在众多储能器件中,锂离子电池可提供最高的能量密度,且具有电压稳定、自放电小、寿命长和无记忆效应等优点,广泛应用于航空航天、便携设备、电动工具等方面。锂离子电池的能量密度可以达到150Wh kg-1,仍然无法满足现代社会对能源持续增长的需求,究其原因,根本的挑战在于电池的正极和负极材料比容量的限制。目前,锂离子电池正极材料主要采用过渡金属氧化物或磷酸盐,负极主要采用石墨,由于这些材料的反应原理是脱嵌反应,正极材料比容量约为150–200mAh g-1,负极石墨的比容量约为370mAhg-1,限制了锂离子电池的容量和能量密度,即使优化技术,其能量密度最大可以提升30%,远远无法满足电动汽车800km的续航能力。同时,能量密度的提升增加了锂离子电池的安全风险。为了保证电池的安全性,能量密度偏低、但安全性高的磷酸铁锂电池成为主要的动力电池。Among many energy storage devices, lithium-ion batteries provide the highest energy density, and have the advantages of voltage stability, small self-discharge, long life and no memory effect. They are widely used in aerospace, portable equipment, power tools and so on. The energy density of lithium-ion batteries can reach 150Wh kg -1 , which still cannot meet the needs of modern society for the continuous growth of energy. The fundamental challenge is the limitation of the specific capacity of the positive and negative materials of the battery. At present, the positive electrode material of lithium ion battery mainly uses transition metal oxide or phosphate, and the negative electrode mainly uses graphite. Since the reaction principle of these materials is deintercalation reaction, the specific capacity of positive electrode material is about 150-200 mAh g -1 , and the ratio of negative electrode graphite The capacity is about 370mAhg -1 , which limits the capacity and energy density of lithium-ion batteries. Even with optimized technology, its energy density can be increased by up to 30%, which is far from meeting the 800km battery life of electric vehicles. At the same time, the increase in energy density increases the safety risk of lithium-ion batteries. In order to ensure the safety of the battery, a lithium iron phosphate battery having a low energy density but high safety has become a main power battery.
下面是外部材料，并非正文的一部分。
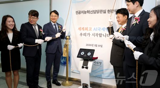 (세종=뉴스1) 김기남 기자 = 임광현 국세청장(왼쪽 두번째)이 19일 세종시 나성동 SM타워에 문을 연 AI혁신담당관실에서 로봇 카이(K-AI) 및 관계자들과 AI 국세행정을 위한 현판 제막을 하고 있다. 2026.1.19/뉴스1kinam@news1.krCopyright ⓒ 뉴스1. All rights reserved. 무단 전재 및 재배포, AI학습 이용 금지.
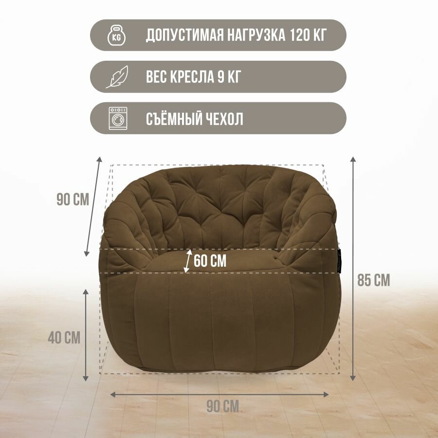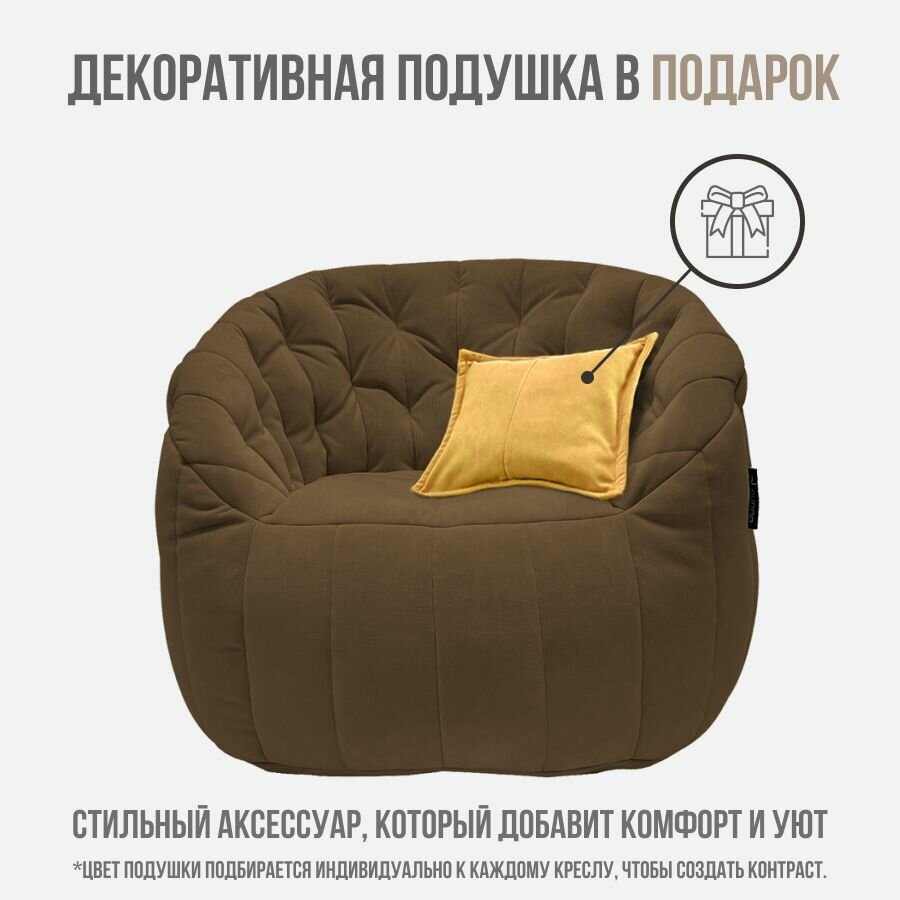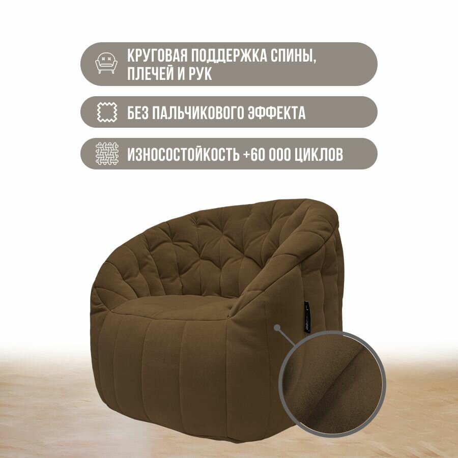 Современное кресло для отдыха aLounge - Tranquility Armchair - Hot Chocolate (велюр, коричневый) - бескаркасная мягкая мебель в гостиную, спальню, зону ожидания

为了满足持续发展的电动汽车、智能电网等对能量密度的需求,人们开 In order to meet the demand for energy density in the continuous development of electric vehicles, smart grids, etc.

Claims (1)

  1. 始开发新型电化学体系的电池。基于转换反应且能与更多离子和电子反应的电极材料成为很好的选择。近来,锂–空气和锂硫电池因其能量密度高(分别为3500Wh kg-1和2500Wh kg-1)得到广泛关注,成为新型电化学体系电池的代表。锂–空气电池的负极为锂金属,正极从环境中吸收氧气,在空气电极内部氧化还原。然而,由于锂–空气电池关键组件的技术尚未突破,使得其可充电性能及循环性能面临着巨大挑战。与锂–空气电池相比,正极和负极材料分别为单质硫和金属锂的锂硫电池所面临的挑战则要小一些,被认为更容易实用化。其理论能量密度可达2600Wh kg-1,约为目前商业化电池的5倍,正极和负极材料的理论比容量分别为1672mAh g-1和3860mAh g-1,单质硫的高容量基于单质硫的转化反应,一个硫原子可以与两个锂原子反应生成Li2S。单质硫不仅理论比容量高,而且储量丰富,环境友好,成本低。Started to develop batteries for new electrochemical systems. Electrode materials based on conversion reactions and capable of reacting with more ions and electrons are a good choice. Recently, lithium-air and lithium-sulfur batteries have attracted wide attention due to their high energy density (3500Wh kg -1 and 2500Wh kg -1 , respectively ), and have become representative of new electrochemical system batteries. The negative electrode of the lithium-air battery is lithium metal, and the positive electrode absorbs oxygen from the environment and is redoxed inside the air electrode. However, due to the breakthrough of the technology of the key components of the lithium-air battery, its chargeability and cycle performance are facing enormous challenges. Compared with lithium-air batteries, lithium-sulfur batteries with positive and negative materials, which are elemental sulfur and lithium metal, are less challenging and are considered to be easier to use. Its theoretical energy density can reach 2600Wh kg -1 , which is about 5 times that of current commercial batteries. The theoretical specific capacities of positive and negative materials are 1672mAh g -1 and 3860mAh g -1 respectively . The high capacity of elemental sulfur is based on elemental sulfur. In the conversion reaction, a sulfur atom can react with two lithium atoms to form Li 2 S. Elemental sulfur is not only theoretically high in specific capacity, but also rich in reserves, environmentally friendly, and low in cost.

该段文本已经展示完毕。